If the ruling stands, it means Santa Rosa would be cleared for repayment out of future local property tax revenue for three loans and one funding agreement that it made with its redevelopment agency years ago plus interest. After redevelopment agencies statewide were dissolved in early 2012, the city re-established the loan agreements with the successor agency charged with winding down redevelopment operations.

The $7.2 million would be repaid to the city over time — how long is unclear — and would be available for general city services, Yang said.

In its ruling, the appellate court rejected arguments similar to those by the state used in the Santa Rosa case. The state claimed that the laws dissolving the approximately 400 redevelopment agencies across California were not intended to allow successor agencies to re-enter agreements with the city or county that created them.

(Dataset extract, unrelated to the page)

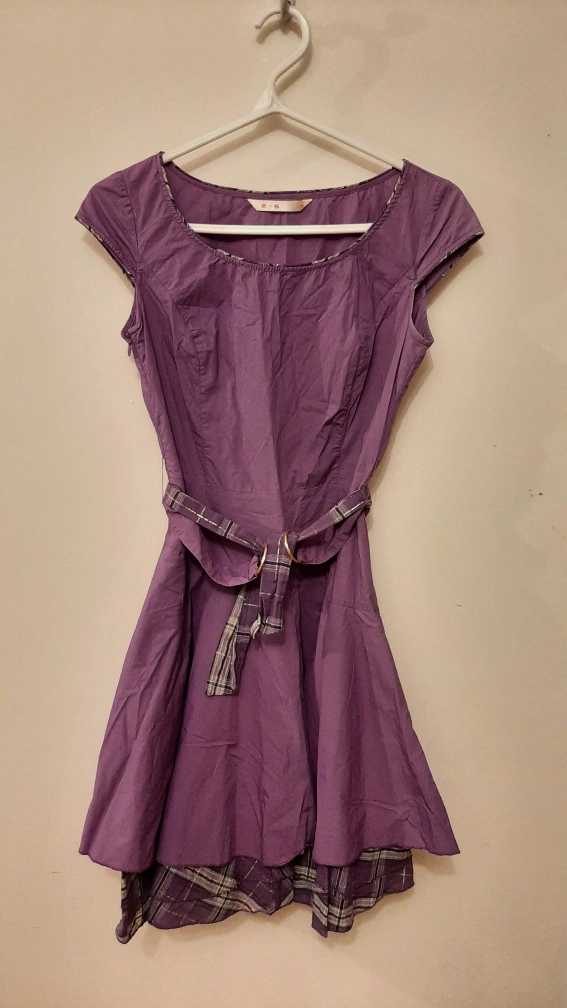 Purple and Plaid Dress with belt
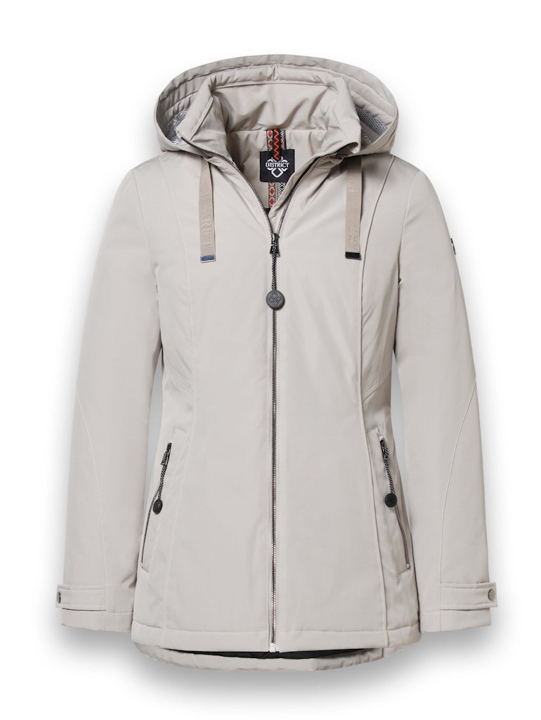 Getailleerd jack van District in een waterafstotende stof met een ritssluiting, opstaande kraag, afneembare en verstelbare capuchon, ritszakken, windvangers in de manchetten en logo op de linkermouw.

In both cases, the state argued that a June 2012 redevelopment law, Assembly Bill 1484, was meant to retroactively undo any such revived agreements. But the appellate panel found that the law was “unambiguous” and “explicitly authorized successor agencies to enter or re-enter into agreements, subject to approval by oversight boards.”

A similar case brought by Sonoma County against the state is also going before the Third District Court of Appeal on Wednesday, Yang said.

The struggle may now shift from the courts to the Legislature. Gov. Jerry Brown’s budget staff members have suggested that they may seek explicit authority to retroactively invalidate most such agreements, Yang said.

“There certainly was a hint that they would try to undo what the trial courts and now the court of appeal have approved,” Yang said. “Having lost in court, they are trying to seek a legislative fix.”